Material supplied
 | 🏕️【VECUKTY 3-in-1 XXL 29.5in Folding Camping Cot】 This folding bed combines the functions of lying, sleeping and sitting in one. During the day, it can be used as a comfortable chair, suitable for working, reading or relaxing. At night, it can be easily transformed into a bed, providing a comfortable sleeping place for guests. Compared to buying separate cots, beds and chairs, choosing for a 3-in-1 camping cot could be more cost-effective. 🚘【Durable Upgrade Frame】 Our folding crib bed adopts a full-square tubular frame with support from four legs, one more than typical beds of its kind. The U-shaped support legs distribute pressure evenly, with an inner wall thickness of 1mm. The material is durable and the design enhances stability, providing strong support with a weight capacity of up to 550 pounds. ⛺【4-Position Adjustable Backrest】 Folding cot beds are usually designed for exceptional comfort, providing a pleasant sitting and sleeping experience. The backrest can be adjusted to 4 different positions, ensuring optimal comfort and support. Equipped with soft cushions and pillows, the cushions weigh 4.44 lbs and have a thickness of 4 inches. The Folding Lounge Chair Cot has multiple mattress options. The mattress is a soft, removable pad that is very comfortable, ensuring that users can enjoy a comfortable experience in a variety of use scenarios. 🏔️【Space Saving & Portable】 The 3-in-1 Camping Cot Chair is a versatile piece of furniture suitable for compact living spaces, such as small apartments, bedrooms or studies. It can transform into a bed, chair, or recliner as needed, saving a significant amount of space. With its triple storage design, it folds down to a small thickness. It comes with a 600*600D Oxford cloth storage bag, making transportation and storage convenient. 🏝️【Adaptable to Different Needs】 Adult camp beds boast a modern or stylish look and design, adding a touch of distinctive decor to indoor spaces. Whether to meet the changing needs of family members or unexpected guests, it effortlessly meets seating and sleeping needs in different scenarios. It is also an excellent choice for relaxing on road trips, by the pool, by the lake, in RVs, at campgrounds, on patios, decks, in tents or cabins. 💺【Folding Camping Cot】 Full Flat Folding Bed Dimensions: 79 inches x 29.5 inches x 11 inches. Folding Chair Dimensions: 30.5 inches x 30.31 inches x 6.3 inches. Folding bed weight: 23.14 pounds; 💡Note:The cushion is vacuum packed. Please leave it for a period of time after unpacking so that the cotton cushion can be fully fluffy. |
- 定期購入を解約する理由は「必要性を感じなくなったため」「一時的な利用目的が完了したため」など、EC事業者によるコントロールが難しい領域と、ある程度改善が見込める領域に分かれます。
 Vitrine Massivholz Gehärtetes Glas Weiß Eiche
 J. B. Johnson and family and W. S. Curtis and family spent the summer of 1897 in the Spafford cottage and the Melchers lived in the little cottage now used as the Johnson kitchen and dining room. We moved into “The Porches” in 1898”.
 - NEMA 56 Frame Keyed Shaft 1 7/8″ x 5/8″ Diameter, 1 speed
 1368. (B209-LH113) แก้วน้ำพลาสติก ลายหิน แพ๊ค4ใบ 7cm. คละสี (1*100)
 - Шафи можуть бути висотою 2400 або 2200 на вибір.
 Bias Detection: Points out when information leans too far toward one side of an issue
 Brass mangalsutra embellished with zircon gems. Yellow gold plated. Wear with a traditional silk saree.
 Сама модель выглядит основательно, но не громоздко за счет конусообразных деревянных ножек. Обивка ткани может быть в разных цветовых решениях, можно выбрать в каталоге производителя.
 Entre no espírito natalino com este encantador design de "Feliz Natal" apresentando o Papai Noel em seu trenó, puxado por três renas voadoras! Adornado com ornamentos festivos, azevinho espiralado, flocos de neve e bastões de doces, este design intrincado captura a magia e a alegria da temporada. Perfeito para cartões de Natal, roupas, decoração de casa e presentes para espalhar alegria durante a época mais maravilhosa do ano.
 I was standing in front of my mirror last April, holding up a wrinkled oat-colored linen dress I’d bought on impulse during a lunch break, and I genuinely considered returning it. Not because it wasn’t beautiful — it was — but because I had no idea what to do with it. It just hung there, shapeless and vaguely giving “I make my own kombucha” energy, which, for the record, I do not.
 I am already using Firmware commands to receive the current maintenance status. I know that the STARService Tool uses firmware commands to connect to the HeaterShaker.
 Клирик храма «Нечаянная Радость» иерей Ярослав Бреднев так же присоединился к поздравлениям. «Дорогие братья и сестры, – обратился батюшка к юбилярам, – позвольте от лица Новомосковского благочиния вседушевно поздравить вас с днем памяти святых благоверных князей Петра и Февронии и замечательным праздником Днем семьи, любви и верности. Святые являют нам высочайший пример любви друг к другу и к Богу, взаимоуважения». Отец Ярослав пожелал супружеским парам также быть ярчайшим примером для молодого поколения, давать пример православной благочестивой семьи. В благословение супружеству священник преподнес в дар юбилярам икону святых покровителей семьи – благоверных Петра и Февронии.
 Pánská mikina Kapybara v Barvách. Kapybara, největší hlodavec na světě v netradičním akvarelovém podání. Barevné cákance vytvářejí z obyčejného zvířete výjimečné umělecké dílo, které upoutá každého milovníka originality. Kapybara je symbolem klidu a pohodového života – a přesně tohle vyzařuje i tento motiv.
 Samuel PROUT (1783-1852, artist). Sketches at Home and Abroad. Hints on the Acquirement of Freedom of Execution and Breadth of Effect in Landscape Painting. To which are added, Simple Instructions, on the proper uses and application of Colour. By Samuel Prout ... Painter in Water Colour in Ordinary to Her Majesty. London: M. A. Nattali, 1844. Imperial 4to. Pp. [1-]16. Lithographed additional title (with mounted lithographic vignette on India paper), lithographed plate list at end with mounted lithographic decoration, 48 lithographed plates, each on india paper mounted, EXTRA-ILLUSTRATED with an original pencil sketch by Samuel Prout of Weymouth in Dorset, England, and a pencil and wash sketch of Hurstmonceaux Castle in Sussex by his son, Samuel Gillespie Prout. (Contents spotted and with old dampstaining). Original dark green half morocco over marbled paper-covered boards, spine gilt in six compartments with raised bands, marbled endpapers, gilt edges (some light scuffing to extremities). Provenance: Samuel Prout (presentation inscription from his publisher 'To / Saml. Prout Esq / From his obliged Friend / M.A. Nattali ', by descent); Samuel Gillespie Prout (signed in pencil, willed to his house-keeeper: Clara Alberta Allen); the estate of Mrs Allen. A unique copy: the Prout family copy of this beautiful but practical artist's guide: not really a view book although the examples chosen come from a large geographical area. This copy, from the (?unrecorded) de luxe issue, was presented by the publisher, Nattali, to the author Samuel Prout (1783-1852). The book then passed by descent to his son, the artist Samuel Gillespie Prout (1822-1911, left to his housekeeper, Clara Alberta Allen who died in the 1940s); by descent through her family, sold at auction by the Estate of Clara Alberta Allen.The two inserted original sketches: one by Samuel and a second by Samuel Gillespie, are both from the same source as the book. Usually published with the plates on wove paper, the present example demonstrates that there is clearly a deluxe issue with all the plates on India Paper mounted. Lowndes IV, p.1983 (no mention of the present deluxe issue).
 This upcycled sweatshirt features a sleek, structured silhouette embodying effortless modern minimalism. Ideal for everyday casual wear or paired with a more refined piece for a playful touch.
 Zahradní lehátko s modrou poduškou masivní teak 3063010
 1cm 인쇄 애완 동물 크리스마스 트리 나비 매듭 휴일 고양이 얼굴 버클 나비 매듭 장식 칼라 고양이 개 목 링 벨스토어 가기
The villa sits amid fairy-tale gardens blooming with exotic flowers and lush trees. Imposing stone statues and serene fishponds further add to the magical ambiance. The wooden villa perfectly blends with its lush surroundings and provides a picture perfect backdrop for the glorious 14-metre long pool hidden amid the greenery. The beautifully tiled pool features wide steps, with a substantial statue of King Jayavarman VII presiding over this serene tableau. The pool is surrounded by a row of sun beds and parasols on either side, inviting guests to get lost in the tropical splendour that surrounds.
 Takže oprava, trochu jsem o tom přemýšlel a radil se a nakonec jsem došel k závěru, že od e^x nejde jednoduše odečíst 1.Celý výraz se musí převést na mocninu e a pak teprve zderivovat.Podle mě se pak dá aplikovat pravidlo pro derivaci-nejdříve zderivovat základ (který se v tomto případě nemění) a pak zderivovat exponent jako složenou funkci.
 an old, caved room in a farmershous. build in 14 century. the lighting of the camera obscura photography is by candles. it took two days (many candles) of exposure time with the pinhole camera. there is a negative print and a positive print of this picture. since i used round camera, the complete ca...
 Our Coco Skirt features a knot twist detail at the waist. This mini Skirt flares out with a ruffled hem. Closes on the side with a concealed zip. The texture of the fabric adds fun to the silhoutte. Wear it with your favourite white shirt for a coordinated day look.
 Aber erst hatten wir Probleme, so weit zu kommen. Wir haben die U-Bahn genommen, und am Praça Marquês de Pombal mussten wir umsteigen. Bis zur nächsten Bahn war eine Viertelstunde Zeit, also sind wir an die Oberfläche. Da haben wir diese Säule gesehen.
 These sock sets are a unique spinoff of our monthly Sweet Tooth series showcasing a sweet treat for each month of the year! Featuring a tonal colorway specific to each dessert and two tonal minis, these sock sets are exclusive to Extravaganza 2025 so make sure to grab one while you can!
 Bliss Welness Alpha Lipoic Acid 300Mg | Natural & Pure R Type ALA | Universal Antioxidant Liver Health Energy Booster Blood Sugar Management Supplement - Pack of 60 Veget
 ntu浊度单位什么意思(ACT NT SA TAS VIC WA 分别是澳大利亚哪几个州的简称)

Directions
Using the data above, reproduce exactly the lines from the line that contains "This upcycled sweatshirt" through the line that contains "1cm 인쇄 애완 동물", including both.

Answer section
 This upcycled sweatshirt features a sleek, structured silhouette embodying effortless modern minimalism. Ideal for everyday casual wear or paired with a more refined piece for a playful touch.
 Zahradní lehátko s modrou poduškou masivní teak 3063010
 1cm 인쇄 애완 동물 크리스마스 트리 나비 매듭 휴일 고양이 얼굴 버클 나비 매듭 장식 칼라 고양이 개 목 링 벨스토어 가기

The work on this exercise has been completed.